Такие люди считают церковность просто какой-то побочной частью своей жизни, приспосабливают Церковь под свои бытовые нужды. Вот я живу, считаю себя православным, потому что я русский, крещеный, мои прадеды так жили, у нас Святая Русь. Поэтому я на Пасху пеку куличи, на Крещение ныряю в прорубь, по телевизору смотрю патриотический православный канал, ношу на себе крест и раз в год прихожу на исповедь. Я крещу ребенка, у ребенка обязательно должна быть мерная икона, ложечка или, как мне недавно показали, православная погремушка – серебряная, с изображением креста. И православие, и христианство становится просто частью моего быта.
Как часто наша церковность зависит от нашего естественного человеческого состояния! Даже самая любимая игрушка надоедает. В конце концов, у человека может испортиться настроение, у него может заболеть живот или зуб. А когда у человека что-то болит, ему уже не до любимых игрушек.
По этой причине пока у человека, для которого Церковь – просто часть быта, все хорошо, он, бывает, увлекается православием. А потом приходит черная полоса – заботы одолели, уныние, тоска, болезни, на работе неприятности, с женой скандалы… И модель мира, которую себе придумал человек и в которой он мнит себя счастливым, дает сбой, не работает. И тогда человек смотрит на христианскую часть своей жизни и думает: «Какая ерунда, чем я вообще занимаюсь, одно и то же, одно и то же, а результата-то нет, вот и опять все плохо, и ни молитва, ни пост, ни причастие не помогают…» На сакраментальный вопрос: «Что мне это дает?» – напрашивается ответ: «Ничего». И Церковь становится снова не нужна.
А во-вторых, бывает и такой перекос, когда человек слишком много придает значения церковности, как правило, внешней, не понимая, что церковность может быть основой жизни, но не заменой жизни. Особенно это свойственно людям, которые недавно в Церкви.
Выкинули телевизор – поставил иконостас, был хипарем – феньку снял, намотал четки и так далее. У меня тоже такое было. Когда я крестился, то, помнится, не одну коробку с книгами вынес на помойку под причитания и крики жены, которая помнит, как я на эти книги тратил деньги семьи (потом прошли годы, и я бы хотел найти эту помойку, вернуть часть книг, среди которых было много полезных…).

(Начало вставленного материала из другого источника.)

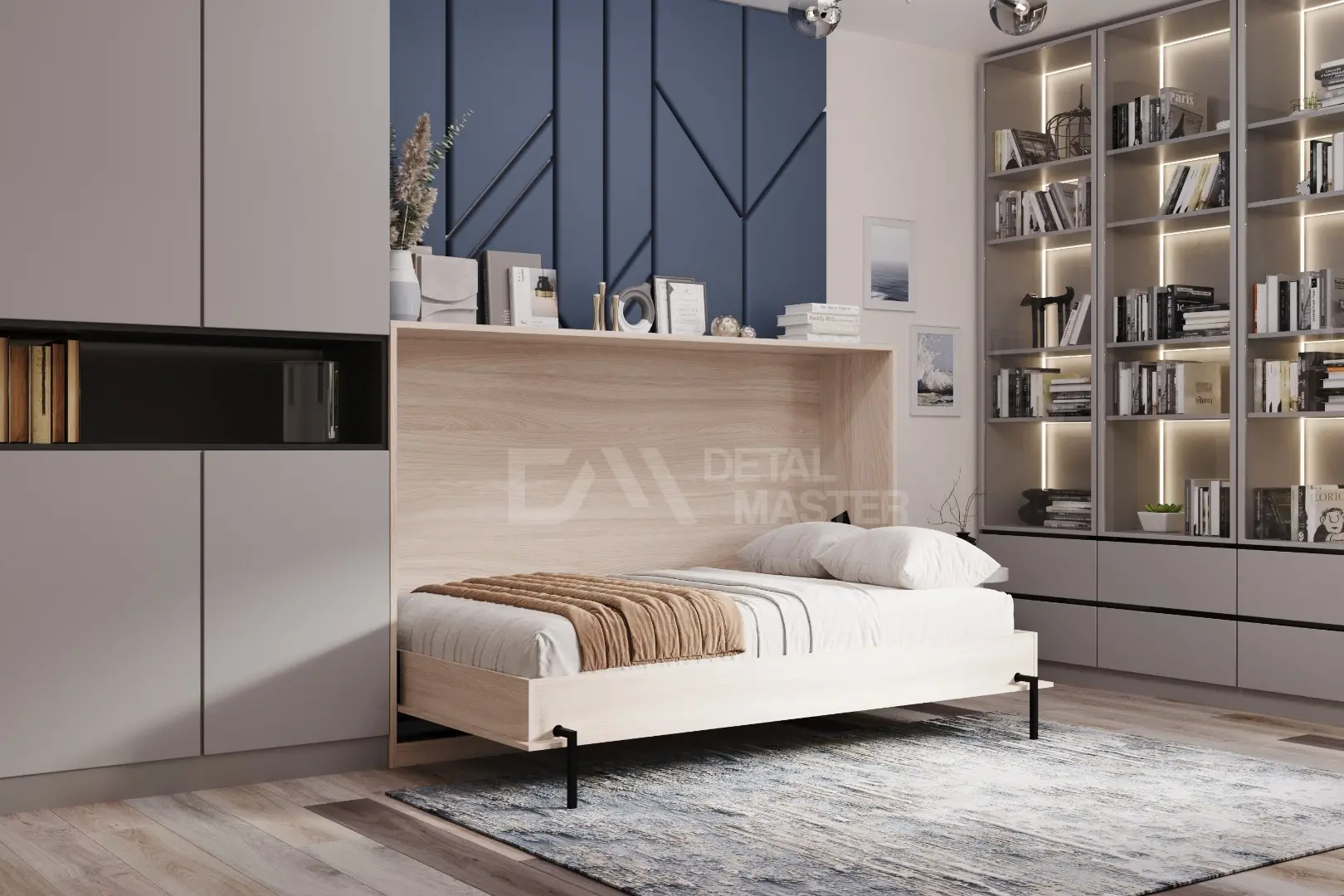Горизонтальная шкаф-кровать "Solo Start".  Работает на механизме раскладывания собственной разработки "Start". Кровать раскладывается легким движением руки, превращаясь в полноценное спальное место. Просто потяните ее за ручки, расположенные на фасаде и выставите ножки-опоры.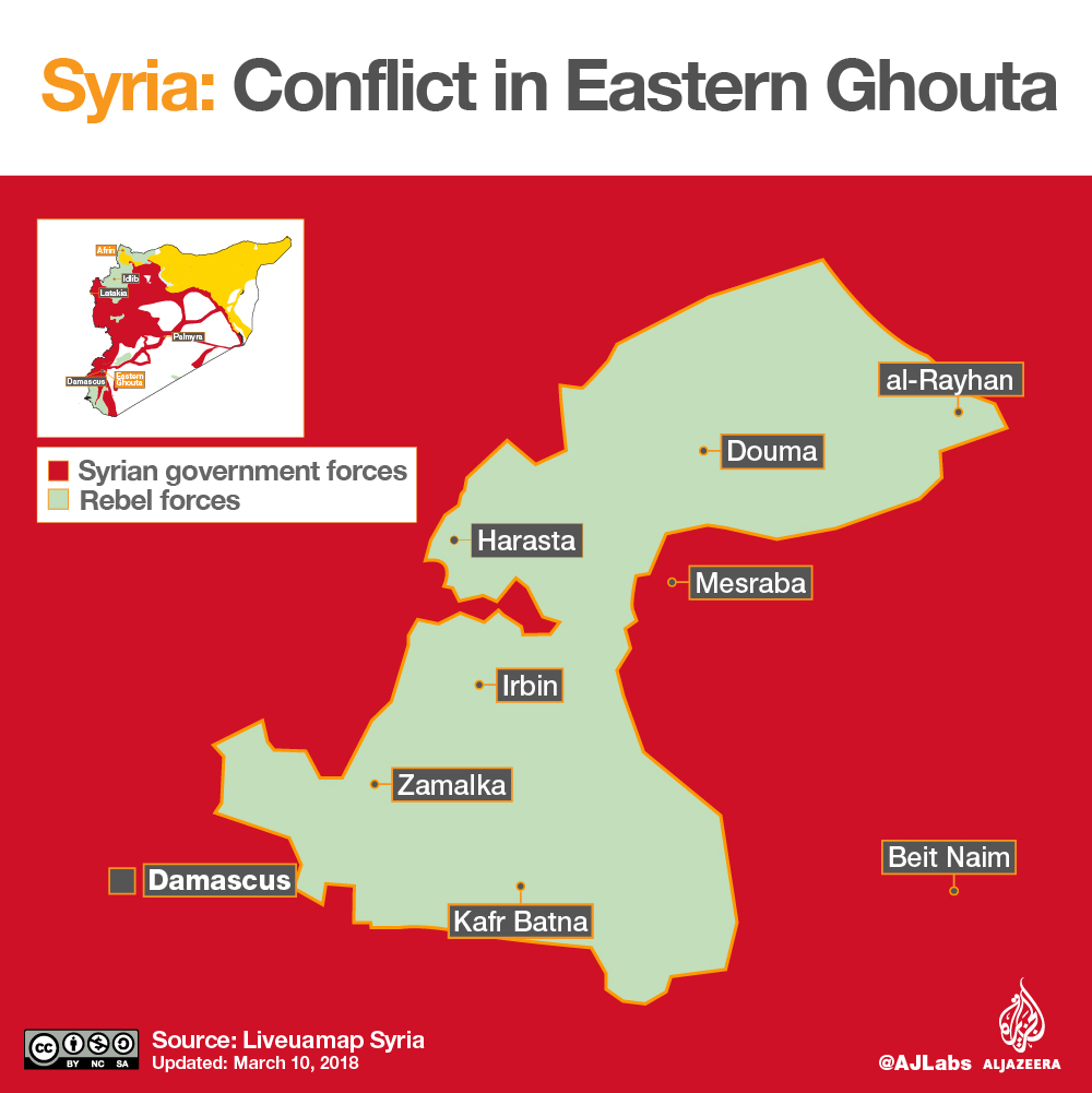 The suburb, 15km east of Damascus has an estimated population of 400,000, who have been under siege since 2013.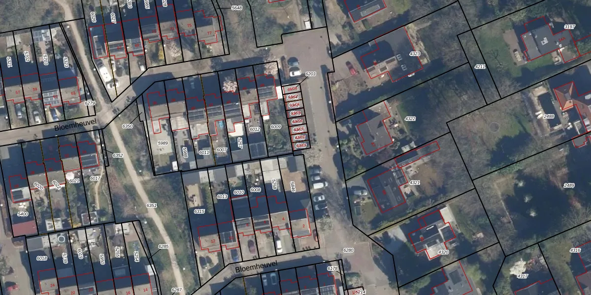 Bloemheuvel 48-01 is gelegen op kadastraal perceel SOE00E6363. Deze kadastrale aanduiding is uniek en wordt gebruikt door het Kadaster om eigendomsrechten en andere zakelijke rechten vast te leggen. Het perceel maakt onderdeel uit van de kadastrale gemeente Soest.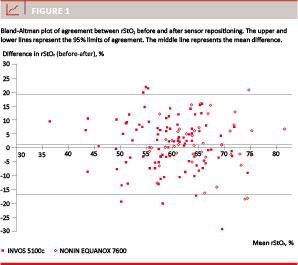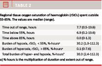 The median burden of hypo- and hyperoxia was 30.3%- hours (Table 2). The median burden of hyper- and hypoxia was 37.7%-hours (range 2.8-112.3%-hours) with INVOS and 8.5%-hours (range 2.4-18.4%-hours) with NONIN.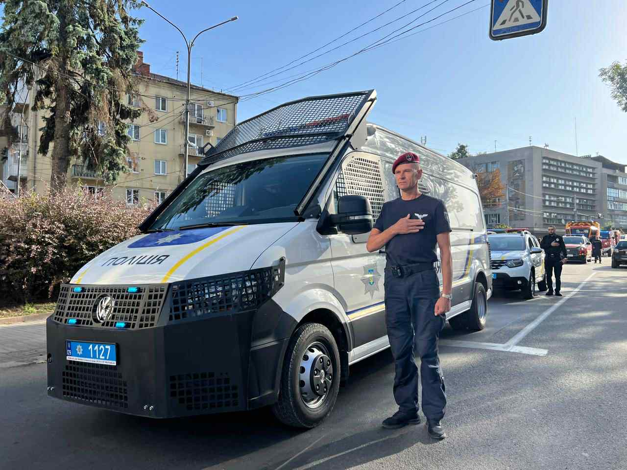 На центральній вулиці обласного центру проїхала спецтехніка обласної поліції поліції, Національної гвардії, ДСНС та інших міжвідомчих підрозділів МВС. Перехожі та водії зупинилися, аби разом із правоохоронцями вшанувати Героїв.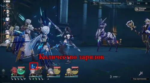 Нельзя также не упомянуть технику «Преимущество первого хода», применение которой наделяет героиню статусом Боевые заслуги. Смена активного персонажа передает ему этот статус. В начале следующего боя использует свой навык на персонаже со статусом Боевые заслуги 1 раз без расходования очков умений.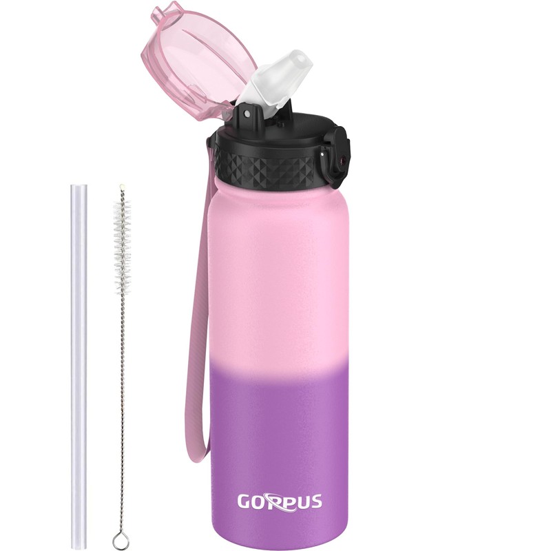 GOPPUS 600ml/20oz Stainless Water Bottle with Straw Double Wall Insulated Bottles with Strap Reusable Vacuum Thermal Flask Leakproof Keep Cold Drinks Bottles with Flip Top Lid for Men Women BPA Free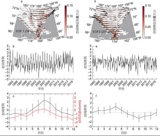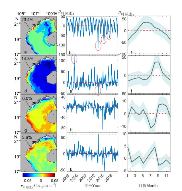图34.北部湾叶绿素a浓度前4个模态的EOF时空分布结果。a、d、g、j为EOF前四个模态的空间分布,其图中数字表示方差贡献率;b、e、h、k为时间序列,其中红色虚线圈出年份为极值年份;c、f、i、l为气候 态月平均量值。
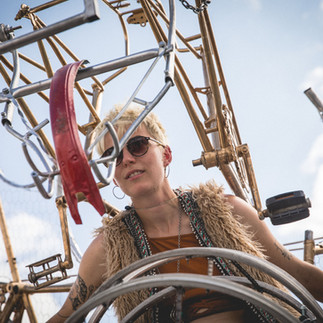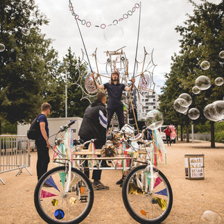 >>> La scénographie reprend des éléments des différentes inspirations mentionnées ci-dessus. Plus précisément, ces éléments de décors figuratifs sont composés d’engrenages réalisés à partir de différentes pièces de vélo (roues, chaînes, pédalier, dérailleurs, potences et cadres) et autres ferrailles capables de produire de la lumière grâce à des dynamos. Ces mêmes pièces seront également retravaillées, décorées, peintes, pailletées, afin d’être intégrées à la structure du char. Ce métal inerte, voué à la destruction, devient alors chimère mécanique...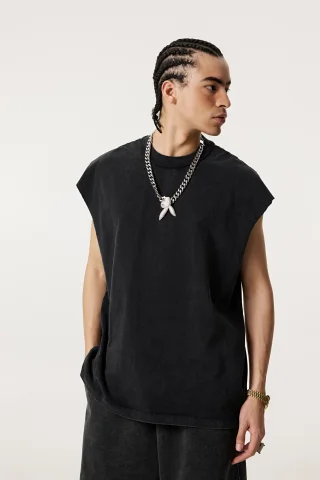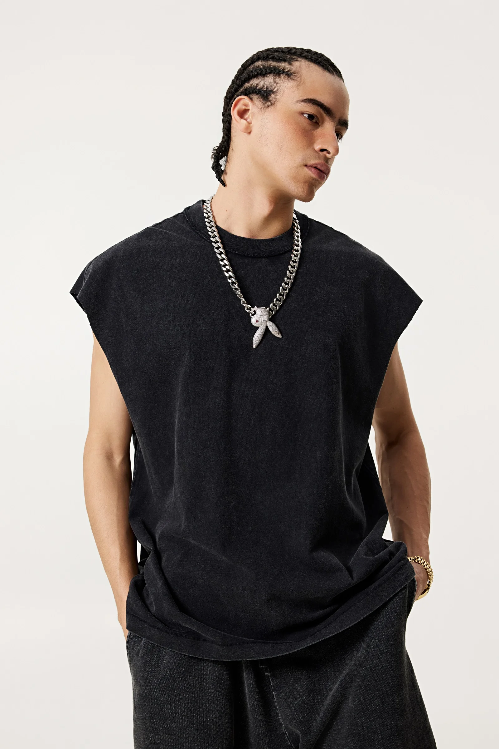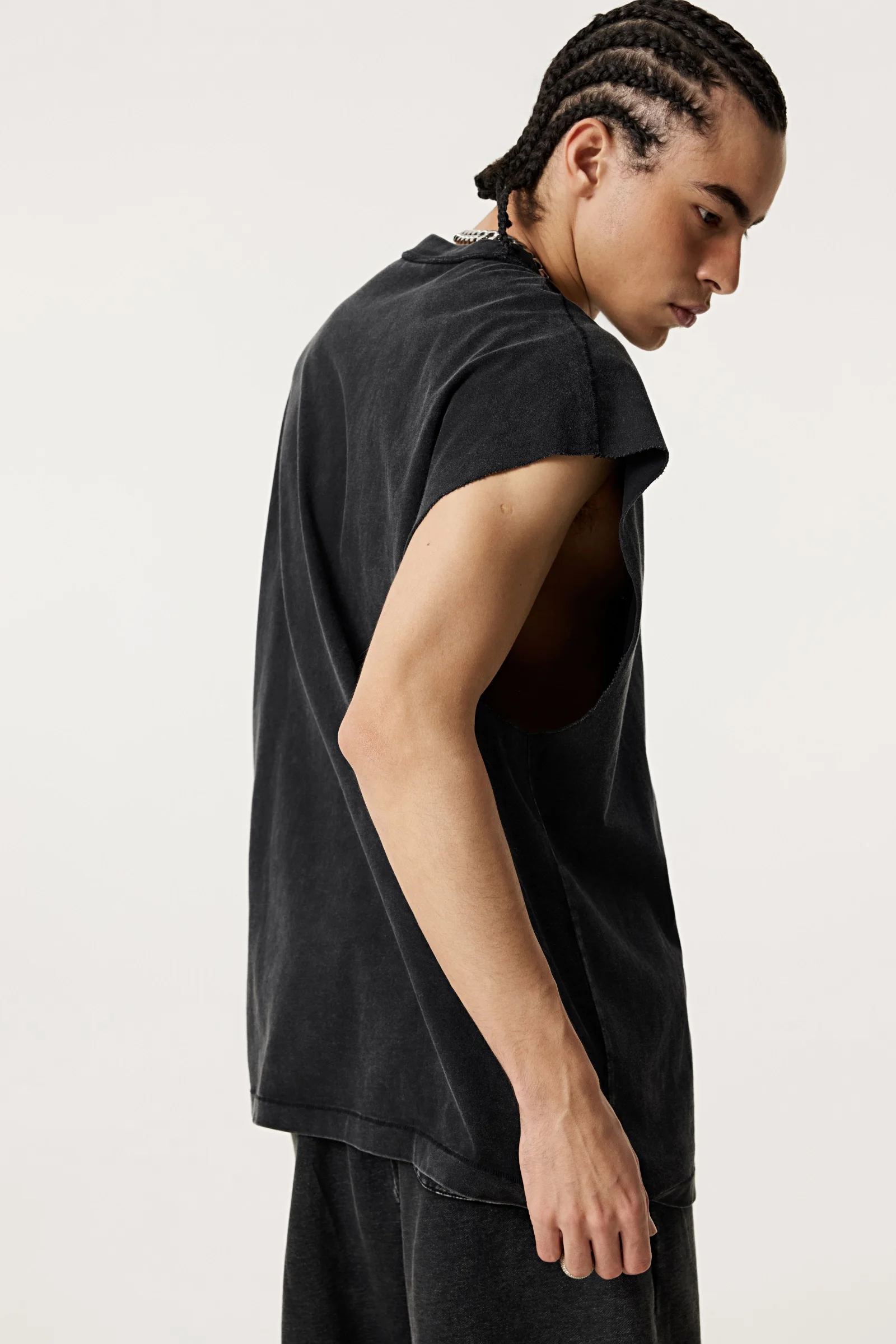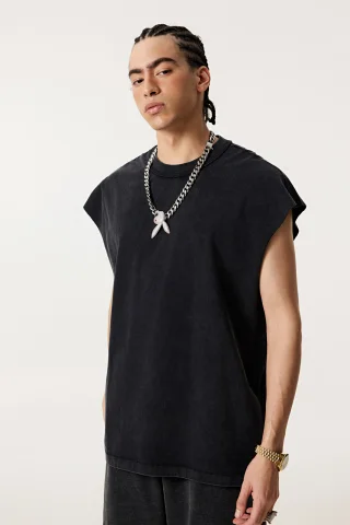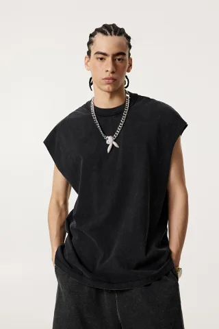 275GSM Unisex Pigment-Wash Sleeveless 100% Cotton Plain T-shirt

Человек гипертрофированно много внимания уделяет Церкви, отбрасывая все остальное. Такие люди увлекаются внешними атрибутами. Как метко заметил кто-то из церковных авторов, для них в Церкви святыня все без разбора – и престол, и свечка, и Евангелие, и то, что сказала тетя Клава, уборщица.
Такой человек все в своей жизни – семью, друзей, творчество – старается заменить походами в храм и чтением святых отцов. И в один прекрасный момент вдруг замечает – Церковь вроде бы заполнила всю мою жизнь, я дни и ночи провожу в храме, а чего-то не хватает. Свербит что-то в душе…
Это вообще-то, очень хорошо, когда душа начинает свербеть, болеть, это значит, она оживает, просыпается. Мы почему-то считаем, что когда нам некомфортно, это обязательно плохо. Наоборот, неудобство пробуждает. Мы знаем, например, что один из самых некомфортных моментов нашей жизни, когда кто-то начинает нас будить: «Вставай, опоздаешь!» Этого человека, который тебя будит, даже если это любимая жена или мама, хочется в этот момент просто прибить, а ведь он делает благое дело – пробуждает нас к жизни.
Я себе иногда представляю, что было с Лазарем, когда Господь его пробуждал от смерти. Не думаю, что это были только приятные ощущения. Перейти от смерти снова к жизни – это удар, стресс.
И вот что я думаю: когда душа такого воцерковленного человека начинает свербеть, когда ей чего-то не хватает, а колесо воцерковленности крутится вроде бы по-прежнему, это не значит, что воцерковленность стала не нужна, что каноны и обряды и таинства утратили смысл, это не значит, что надо разочароваться в Церкви, это значит, что просто настал новый этап жизни.
Подросший ребенок смотрит: моя детская комната, которая казалась целым миром, вдруг стала какая-то маленькая. И вроде здесь все, что я знаю и люблю – мишка плюшевый, игрушки, но мне хочется чего-то еще. Бывает, конечно, что, когда ребенок становится подростком, он стыдится своих игрушек – не дай Бог, кто-то из друзей придет и увидит, что у меня до сих пор на диване старый плюшевый мишка. Вот так иные бывшие неофиты, ставшие «старофитами», относятся к былому истовому исполнению молитвенных правил, посту, регулярному посещению служб…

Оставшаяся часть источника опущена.